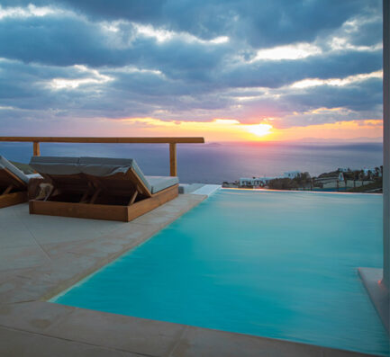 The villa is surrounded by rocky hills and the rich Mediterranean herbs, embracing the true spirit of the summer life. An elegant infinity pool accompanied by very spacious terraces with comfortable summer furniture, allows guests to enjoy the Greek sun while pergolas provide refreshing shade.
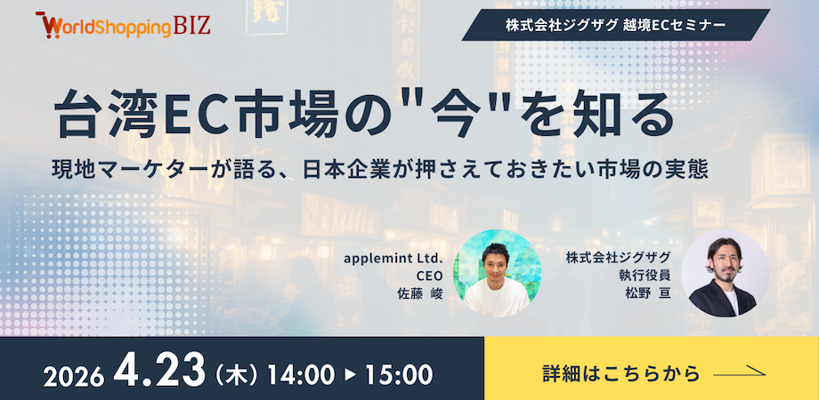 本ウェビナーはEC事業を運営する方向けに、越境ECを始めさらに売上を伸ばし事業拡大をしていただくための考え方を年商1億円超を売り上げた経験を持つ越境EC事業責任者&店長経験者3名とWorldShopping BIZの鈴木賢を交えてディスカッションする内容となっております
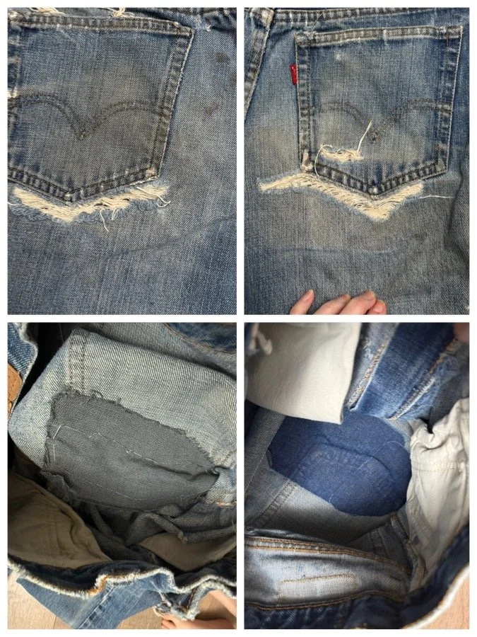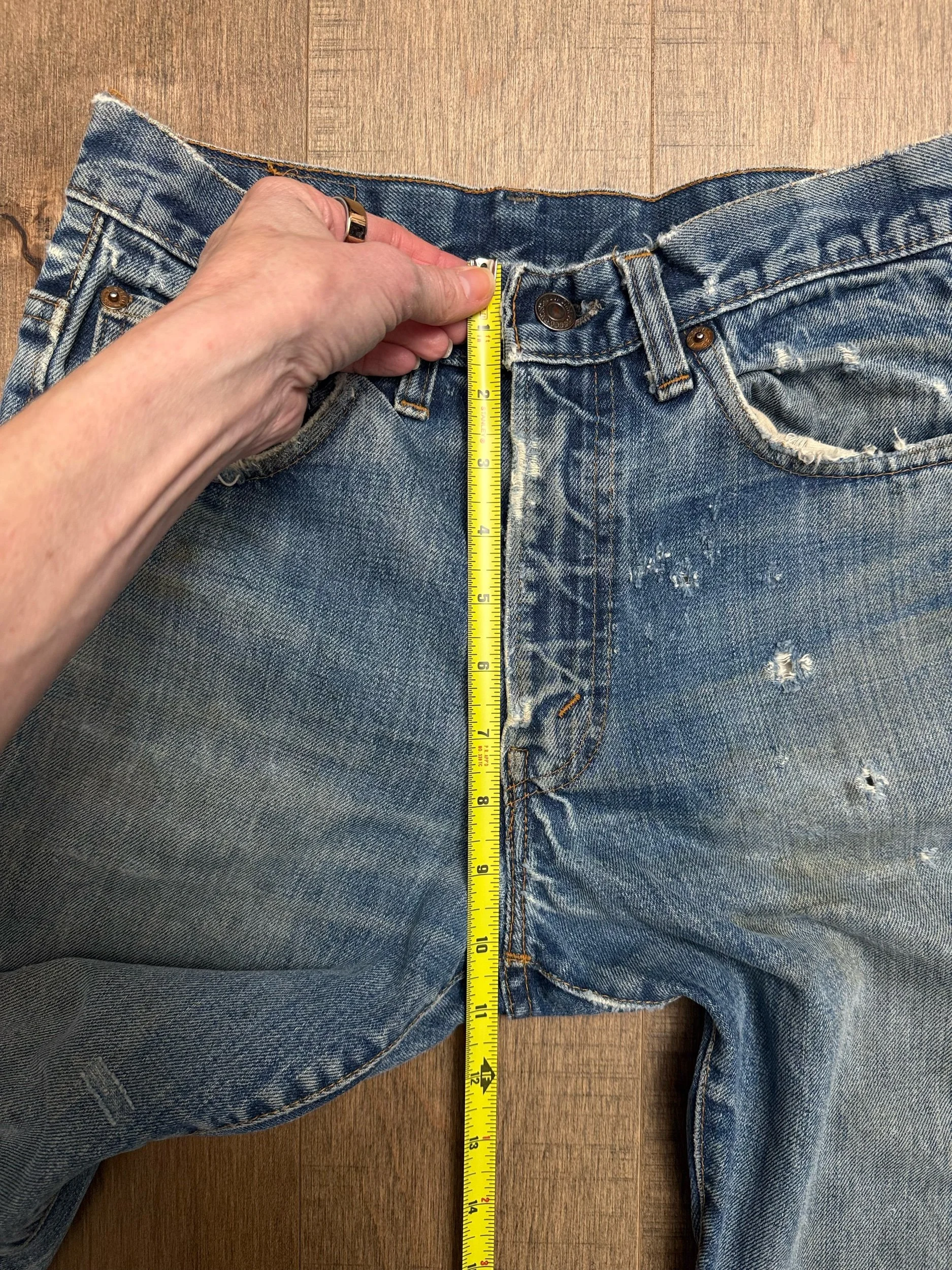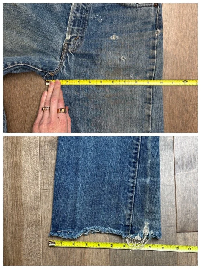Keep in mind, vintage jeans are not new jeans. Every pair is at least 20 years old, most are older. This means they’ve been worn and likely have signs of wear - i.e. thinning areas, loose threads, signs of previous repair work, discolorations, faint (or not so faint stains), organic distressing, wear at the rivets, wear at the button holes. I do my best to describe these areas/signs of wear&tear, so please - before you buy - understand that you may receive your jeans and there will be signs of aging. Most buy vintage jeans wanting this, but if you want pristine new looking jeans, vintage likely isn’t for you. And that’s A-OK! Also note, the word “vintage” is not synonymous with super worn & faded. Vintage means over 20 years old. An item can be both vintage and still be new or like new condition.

++++++++++

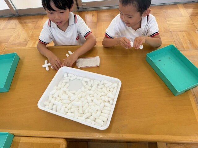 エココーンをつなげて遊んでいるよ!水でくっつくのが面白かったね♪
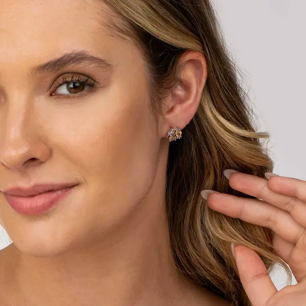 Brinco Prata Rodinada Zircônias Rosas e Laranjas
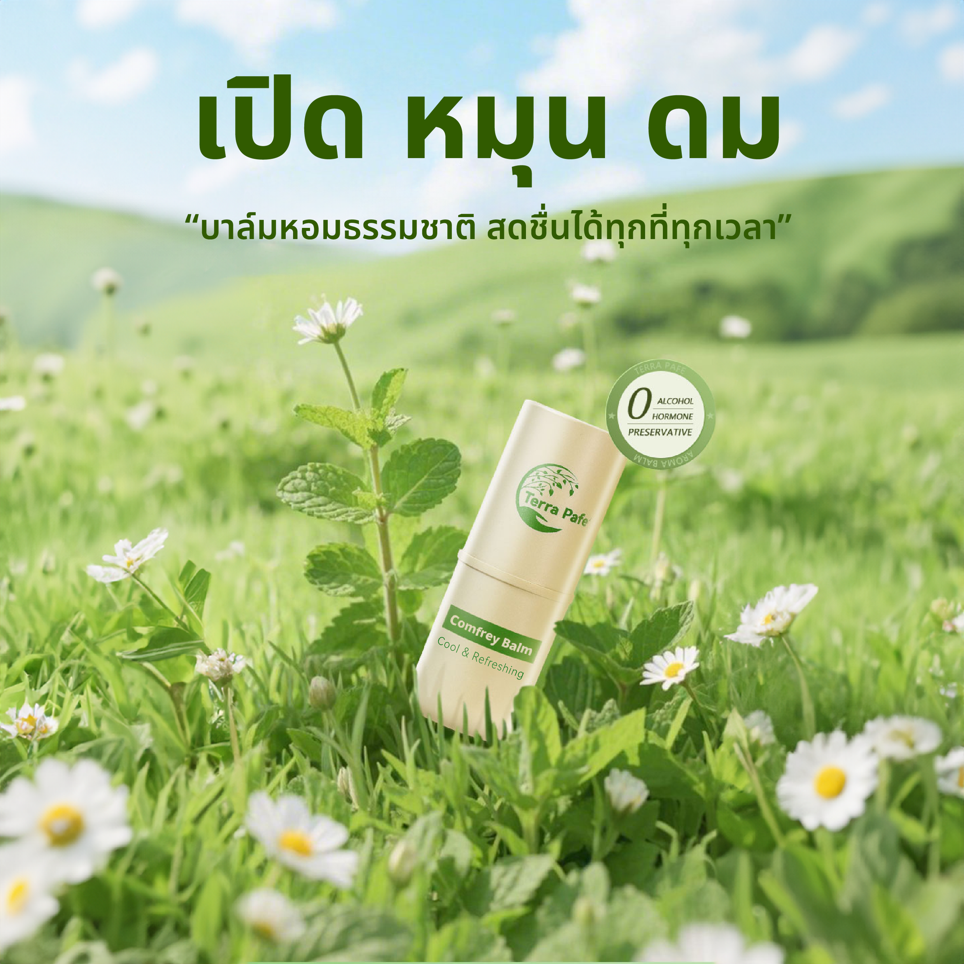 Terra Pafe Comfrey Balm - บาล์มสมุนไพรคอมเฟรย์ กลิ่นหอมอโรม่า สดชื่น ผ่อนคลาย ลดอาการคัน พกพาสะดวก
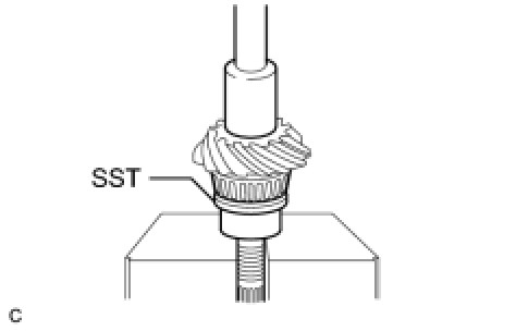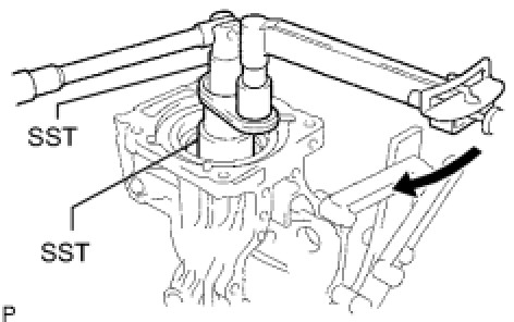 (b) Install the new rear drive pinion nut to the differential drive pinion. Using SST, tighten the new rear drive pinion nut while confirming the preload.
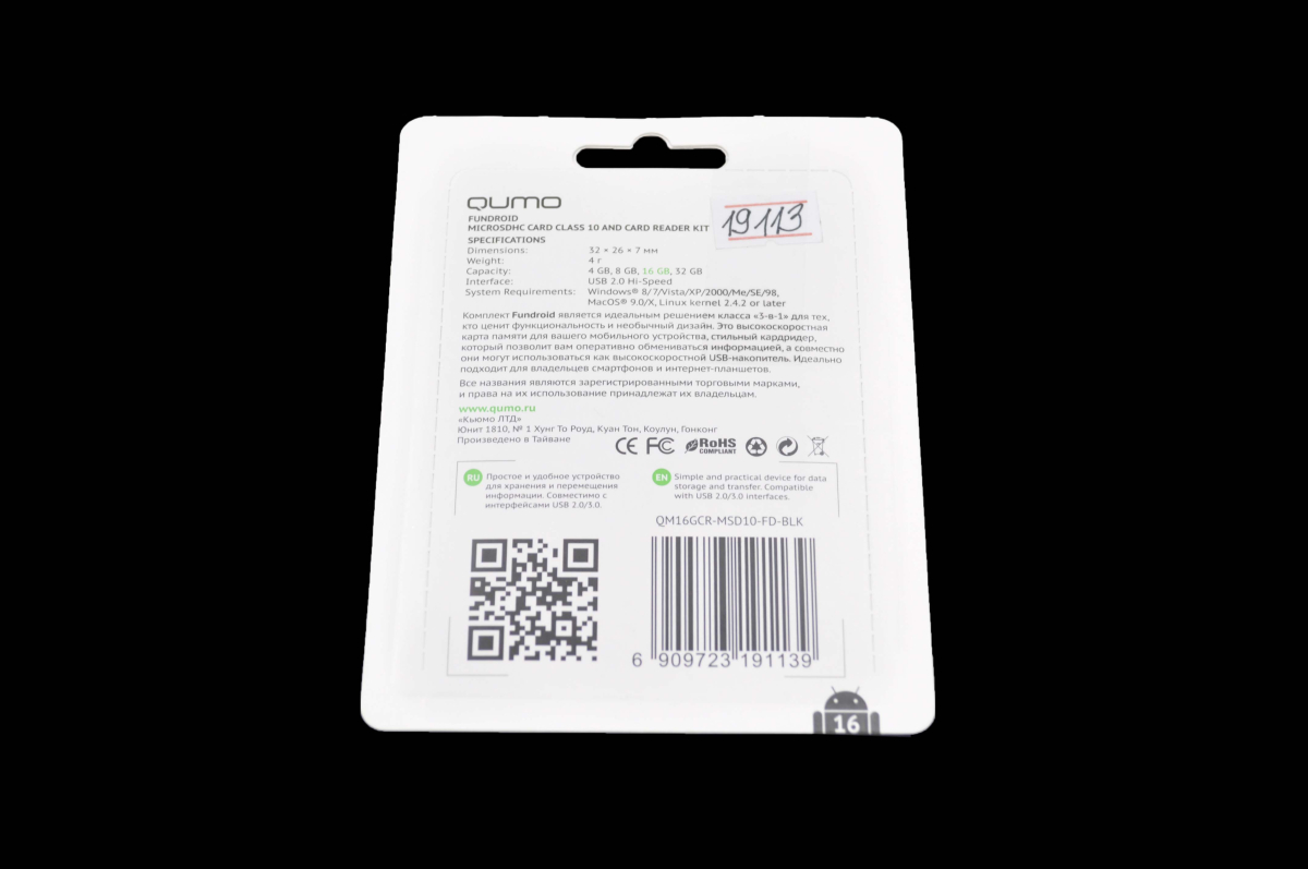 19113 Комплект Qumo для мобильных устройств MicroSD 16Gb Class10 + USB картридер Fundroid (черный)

++++++++++

Work instruction » Within the listing above, copy exactly the lines that start at the one with "Brinco Prata Rodinada" and continue through the one with "19113 Комплект Qumo". Omit pictures.

Exercise result »
 Brinco Prata Rodinada Zircônias Rosas e Laranjas
 Terra Pafe Comfrey Balm - บาล์มสมุนไพรคอมเฟรย์ กลิ่นหอมอโรม่า สดชื่น ผ่อนคลาย ลดอาการคัน พกพาสะดวก
 (b) Install the new rear drive pinion nut to the differential drive pinion. Using SST, tighten the new rear drive pinion nut while confirming the preload.
 19113 Комплект Qumo для мобильных устройств MicroSD 16Gb Class10 + USB картридер Fundroid (черный)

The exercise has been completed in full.